На ходу, причесывая вихорцы, замявшиеся под зимней шапкой, Кольша, по своему обыкновению, робко, будто в гостях, прискондыбал к столу, где уже стояла тарелка с хлебом, прикрытая рушником. Голодно пощипывая хлеб из-под накидки, он принялся перелистывать книгу сперва одним только уважительным пальцем, но вскоре уже объял обеими руками и, что-то там вычитывая, сам себе кивая, одобряя, соучастно вскидывал упавшую на лоб кудельку.
- Слушай, чего пишут! - восхищенно обратился он к Катерине, в самый раз подносившей тарелку паривших щей. - "Муравьиные постройки похожи на города с разумной планировкой, многоярусной этажностью, где всему и всем обозначено место. Система вентиляции такова, что, пока действует муравейник, ничто, ни единая хвоинка не подвергается гнили, хотя на весь этот органический материал в условиях постоянной влажности неусыпно воздействуют бесчисленные гнилостные организмы". Чудеса! - Кольша восхищенно щелкнул по книге россыпью ногтей. - Никаких тебе дипломов, никаких академий! Спросить: кто их этому научил? А, Кать? Вот кто?..
Катерина пожала плечами, потому что действительно не знала такого ответа, а потому привычно, как заведено, приподняла указательный палец к потолку.
- Ой, вряд ли... - восторженно не согласился Кольша. - Не станет Он говорить каждой козявке: ты неси щепочку сюда, а ты - туда, ты клади так, а ты этак... Их же миллионы, каждого не научишь...
- Не знаю, не знаю, Коля. По мне - куча да куча. Ты ешь давай, весь день в печи держала...
- Я так думаю, - не слушал Кольша. - Для такого артельного дела нужен один интерес. Чтоб у каждого с каждым совпадал. Тогда скопом до небес гору насыпешь... или своротишь...
Проснулась Катерина среди ночи, должно быть, от ощущения на веках излишнего света. И верно, предрассветно серело уличное окошко, а на столе желто теплилась переноска, приглушенная газеткой. И все так же сидел над книгой Кольша, туда-сюда ероша и путая волосы на затылке. Заметив ее шевеление, он тут же завосклицал:
- Ну да как же им гору-то до небес не насыпать?! У них все по совести: никто не ленится, перекуров не делает, за другого не прячется, материалы налево не тащит. Каждый вкалывает от души, изо всех сил. Вот, Катерина, опять же: кто их этому научил? А тогда почему нас не научат?
Катерина поспешила накрыться одеялом.
Между тем на хуторском угоре установились погожие плюсовые дни. Хрустел и рушился последний лед по закоулкам, слепили глаза взблески ликующих ручьев, устремившихся с посадских дворов в объятия Егозки.

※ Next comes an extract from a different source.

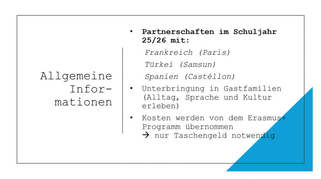 In diesem Jahr führen wir unsere Reisen nach Paris (Frankreich), Samsun (Türkei) und Castellón (Spanien). Der Frankreich-Austausch ist bereits seit über 50 Jahren ein fester Bestandteil unserer Schule und wird seit letztem Jahr im Rahmen des Erasmus+ Projekts durchgeführt.

Та, всех принимая, налилась закрайками, неразрешенно вспучилась серым ноздреватым льдом с долгой трещиной посредине.
С улицы в окне замелькала вся новая, оранжевая, яркая, как огонек, крапивница, раз и другой припала к стеклу против муравьиной миски, как бы говоря: "Я уже вот она! А вы чего тянете? Живы ли? Пора, пора!.."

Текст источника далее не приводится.